Write back every entry exactly as it reads, with the pictures left behind.
* * * *
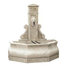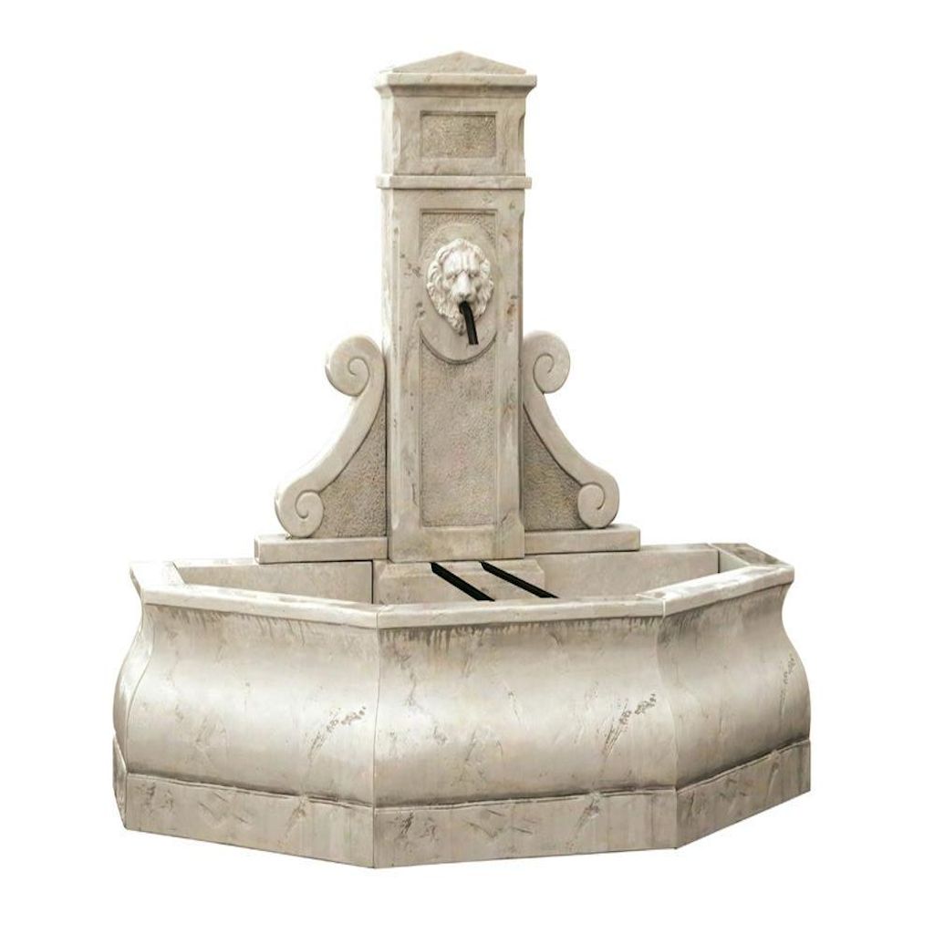 Fontaine Fontainebleau Nous vous proposons cette très belle fontaine de jardin en pierre reconstituée Fontainebleau, vous aurez le choix de l'adosser contre un mur ou pas. Elle est composée de 7 pans (qui constituent le bac), d'une colonne en 3 parties plus une Tête de lion . Fontaine Fontainebleau - 1.98 x 1.06 x 1.64 m - En pierre reconstituée imitant à la perfection l'aspect de la pierre naturelle. .Description: Livrée avec 1 bec verseur et 2 barres repose-seau en acier - Livrée avec colle et joints - Livrée avec pompe électrique.
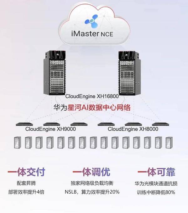 在数据中心网络,AI大模型已经进入了千行万企的生产系统。银行的投资分析,药厂的制药工艺,井下作业的异物识别等,都可以通过AI大模型实现创收提效。但是AI智算中心的建设十分昂贵,AI训练偶发的大象流极易导致网络负载严重不均,整网吞吐仅50%,严重制约了算力的释放,这也驱动了面向智能计算的数据中心网络升级。华为推出的星河AI数据中心网络,通过独家网络级负载均衡NSLB算法提升网络有效吞吐高达98%,AI训练效率提升20%;华为光模块通道抗损技术,实现训练中断降低80%。
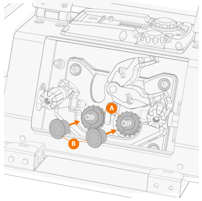 6. Montare i rulli di alimentazione dell'azionamento (A) in posizione, con la sezione del rullo dentata rivolta verso il basso, e installare i tappi di montaggio (B).
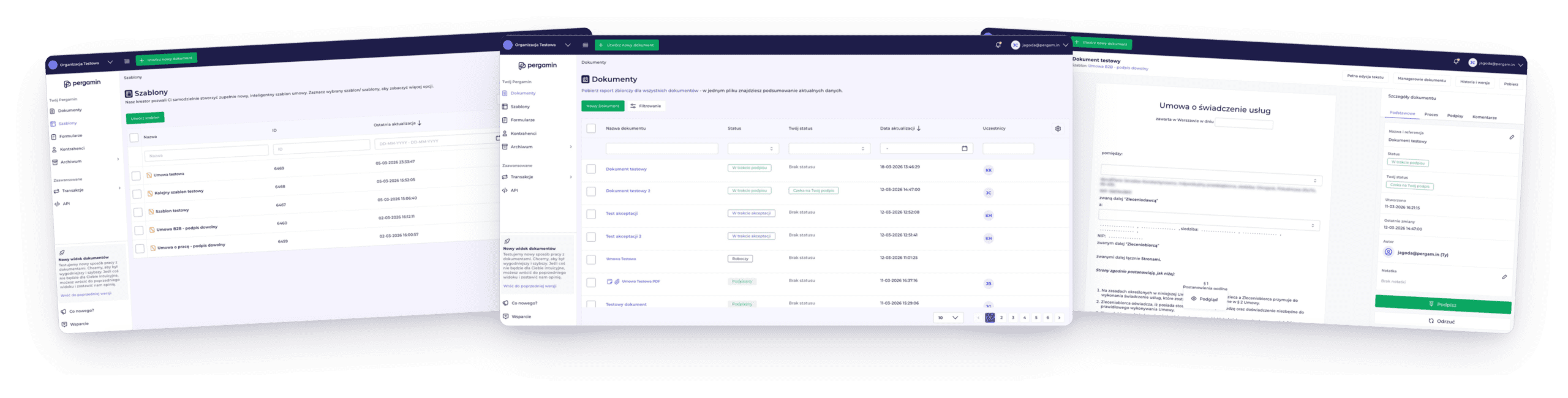 Pergamin generuje dokumenty, zbiera podpisy kwalifikowane i odkłada komplet do audit-ready obiegu. Bez ręcznego składania pakietów. Bez wymiany Twojego HRIS.
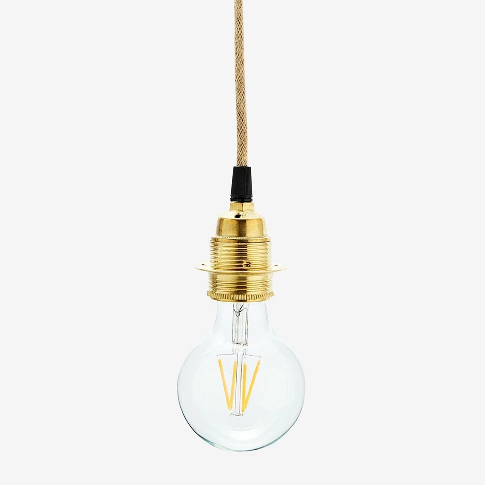 Luminaire suspendu douille dorée – Fil en jute 3 m + prise courant
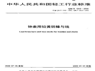 本标准白实施之1起,代替原轻工业部发市的轻工行业标准QB/T1542-1992钟用铅黄铜本与线剂QB/T1910-1993&表用铅铜栋与线3范固
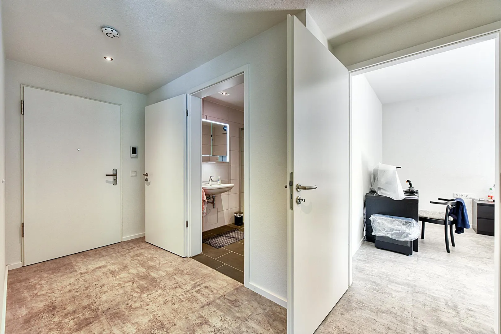 Alle Zimmer und der Flur sind mit hochwertigen Bio-Design-Vinylböden ausgestattet. Die Wände sind mit Raufasertapeten tapeziert und weiß gestrichen.
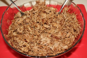Let the pork cool, and then strain it from the rest of the ingredients with a slotted spoon and place it in a large bowl. Shred it with two forks – it should come apart quite easily.
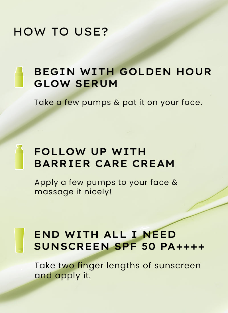 A skincare routine, carefully tailored for those with normal to dry skin, to offer both hydration and deliver real results. It includes Golden Hour Glow Face Serum, Barrier Care Face Cream for normal to dry skin and All I Need Sunscreen spf 50 pa++++.
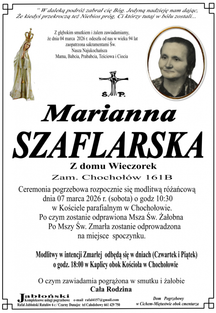 Marianna Szaflarska - Nekrologi - podhale24.pl
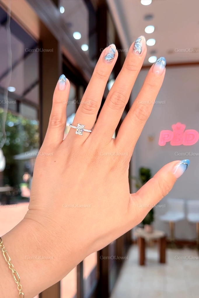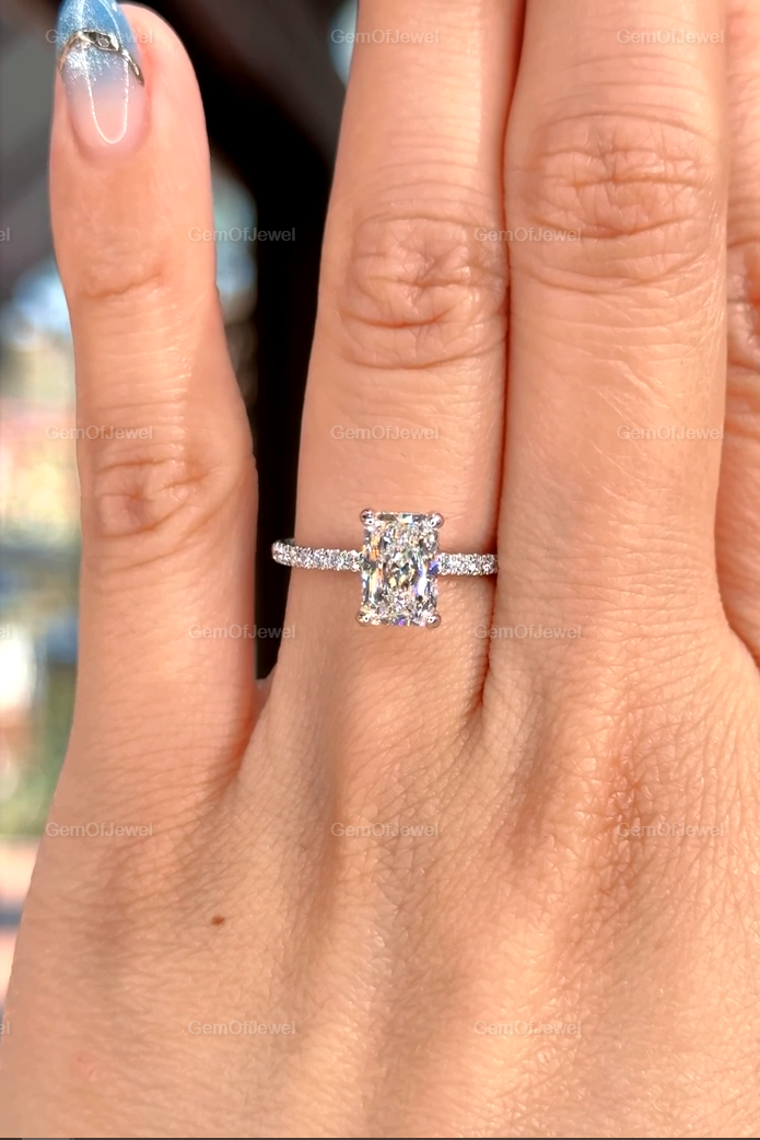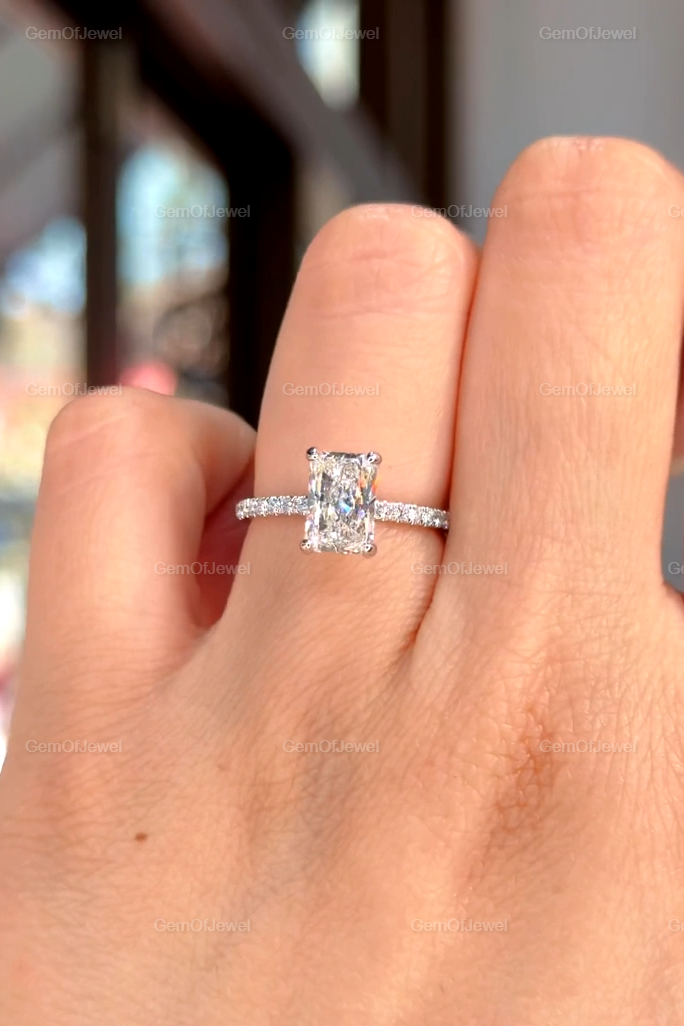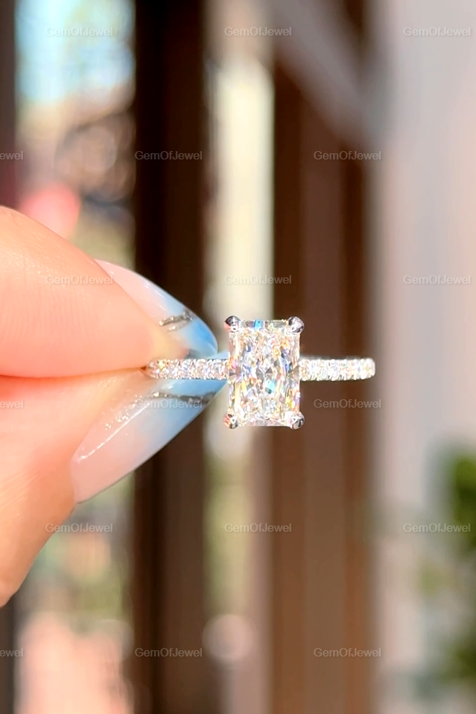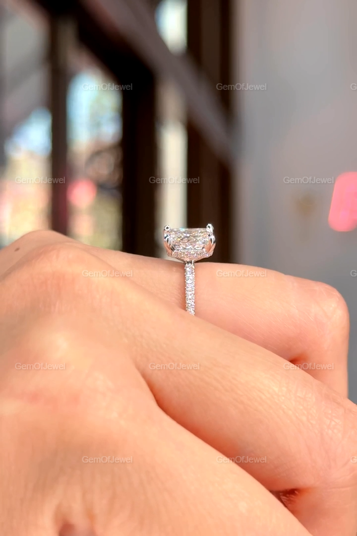 Radiant Moissanite Diamond With Halo Of Round Moissanite Diamond Ring For Her Or Engagement Ring, Radiant Moissanite Diamond Ring For Her
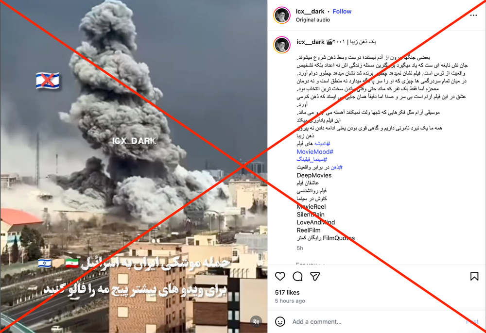 در چند روز گذشته در شبکههای اجتماعی به ویژه اینستاگرام ویدیوهای متفاوت بسیاری منتشر شده که تصاویری از آوار، برخورد موشک، سوختن خانهها در آتش نشان میدهد و ادعا میشود مربوط به اسرائیل است و در پی حملههای جمهوری اسلامی ایران به وجود آمدهاند (لینک ۱، لینک ۲، لینک ۳، لینک ۴، لینک ۵).
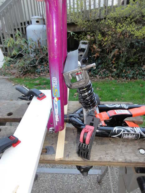 Yo corte dos montajes de choque más para la parte superior y se burló hasta el triángulo trasero. Utilicé otra bifurcación de la bici para las piernas vertical del triángulo trasero y había colocado el eje de acero de la horquilla como el pivote para el basculante. El ángulo de acero con abrazadera para el montaje de choque superior en la foto se utilizó para marcar la longitud de la horquilla vertical para cortar la horquilla hacia abajo y fue usado para atar los montajes de choque a la horquilla vertical.
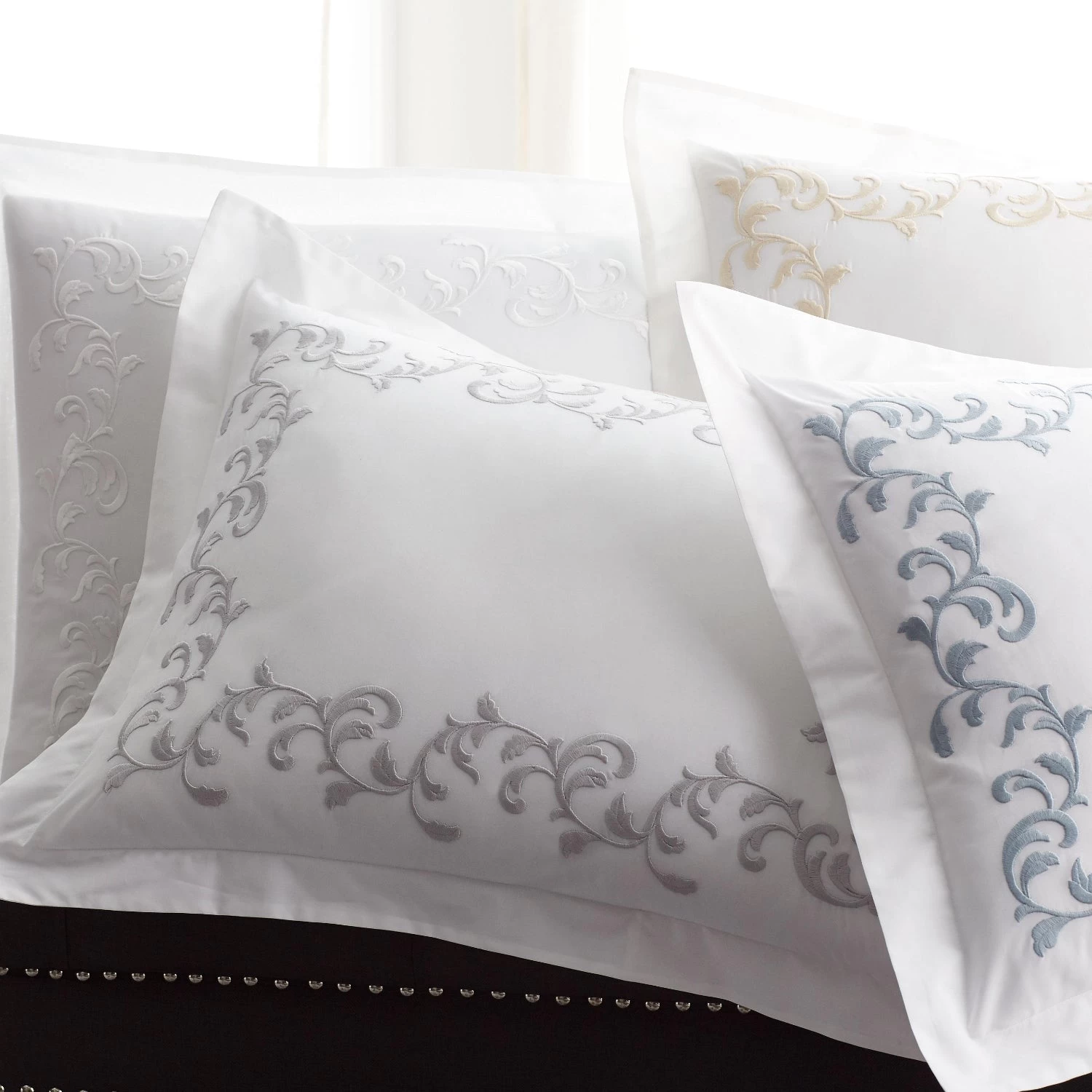 - Shams have embroidered scroll frame, scaled to size, with 2″ flanges
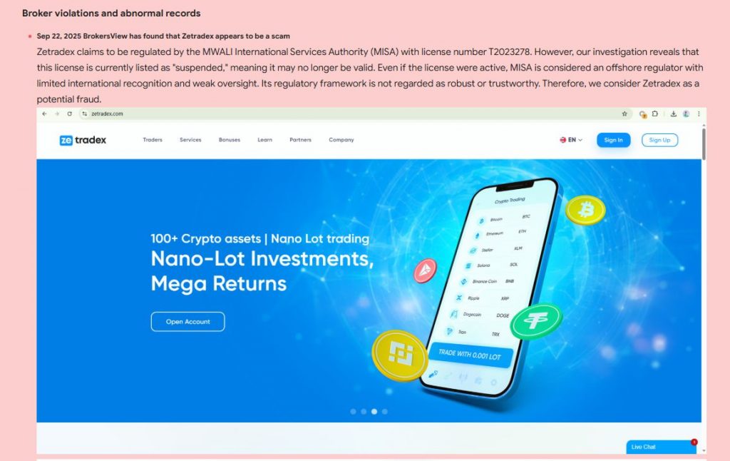 Zetradex claims regulation by Mwali International Services Authority. This regulator is based offshore and has weak enforcement standards. There is no license from top regulators like FCA or ASIC. That absence lowers trust in the broker’s legal framework. Unregulated brokers often avoid accountability and offer no client protection.
* * * *
- **Your response**:
 Fontaine Fontainebleau Nous vous proposons cette très belle fontaine de jardin en pierre reconstituée Fontainebleau, vous aurez le choix de l'adosser contre un mur ou pas. Elle est composée de 7 pans (qui constituent le bac), d'une colonne en 3 parties plus une Tête de lion . Fontaine Fontainebleau - 1.98 x 1.06 x 1.64 m - En pierre reconstituée imitant à la perfection l'aspect de la pierre naturelle. .Description: Livrée avec 1 bec verseur et 2 barres repose-seau en acier - Livrée avec colle et joints - Livrée avec pompe électrique.
 在数据中心网络,AI大模型已经进入了千行万企的生产系统。银行的投资分析,药厂的制药工艺,井下作业的异物识别等,都可以通过AI大模型实现创收提效。但是AI智算中心的建设十分昂贵,AI训练偶发的大象流极易导致网络负载严重不均,整网吞吐仅50%,严重制约了算力的释放,这也驱动了面向智能计算的数据中心网络升级。华为推出的星河AI数据中心网络,通过独家网络级负载均衡NSLB算法提升网络有效吞吐高达98%,AI训练效率提升20%;华为光模块通道抗损技术,实现训练中断降低80%。
 6. Montare i rulli di alimentazione dell'azionamento (A) in posizione, con la sezione del rullo dentata rivolta verso il basso, e installare i tappi di montaggio (B).
 Pergamin generuje dokumenty, zbiera podpisy kwalifikowane i odkłada komplet do audit-ready obiegu. Bez ręcznego składania pakietów. Bez wymiany Twojego HRIS.
 Luminaire suspendu douille dorée – Fil en jute 3 m + prise courant
 本标准白实施之1起,代替原轻工业部发市的轻工行业标准QB/T1542-1992钟用铅黄铜本与线剂QB/T1910-1993&表用铅铜栋与线3范固
 Alle Zimmer und der Flur sind mit hochwertigen Bio-Design-Vinylböden ausgestattet. Die Wände sind mit Raufasertapeten tapeziert und weiß gestrichen.
Let the pork cool, and then strain it from the rest of the ingredients with a slotted spoon and place it in a large bowl. Shred it with two forks – it should come apart quite easily.
 A skincare routine, carefully tailored for those with normal to dry skin, to offer both hydration and deliver real results. It includes Golden Hour Glow Face Serum, Barrier Care Face Cream for normal to dry skin and All I Need Sunscreen spf 50 pa++++.
 Marianna Szaflarska - Nekrologi - podhale24.pl
 Radiant Moissanite Diamond With Halo Of Round Moissanite Diamond Ring For Her Or Engagement Ring, Radiant Moissanite Diamond Ring For Her
 در چند روز گذشته در شبکههای اجتماعی به ویژه اینستاگرام ویدیوهای متفاوت بسیاری منتشر شده که تصاویری از آوار، برخورد موشک، سوختن خانهها در آتش نشان میدهد و ادعا میشود مربوط به اسرائیل است و در پی حملههای جمهوری اسلامی ایران به وجود آمدهاند (لینک ۱، لینک ۲، لینک ۳، لینک ۴، لینک ۵).
 Yo corte dos montajes de choque más para la parte superior y se burló hasta el triángulo trasero. Utilicé otra bifurcación de la bici para las piernas vertical del triángulo trasero y había colocado el eje de acero de la horquilla como el pivote para el basculante. El ángulo de acero con abrazadera para el montaje de choque superior en la foto se utilizó para marcar la longitud de la horquilla vertical para cortar la horquilla hacia abajo y fue usado para atar los montajes de choque a la horquilla vertical.
 - Shams have embroidered scroll frame, scaled to size, with 2″ flanges
 Zetradex claims regulation by Mwali International Services Authority. This regulator is based offshore and has weak enforcement standards. There is no license from top regulators like FCA or ASIC. That absence lowers trust in the broker’s legal framework. Unregulated brokers often avoid accountability and offer no client protection.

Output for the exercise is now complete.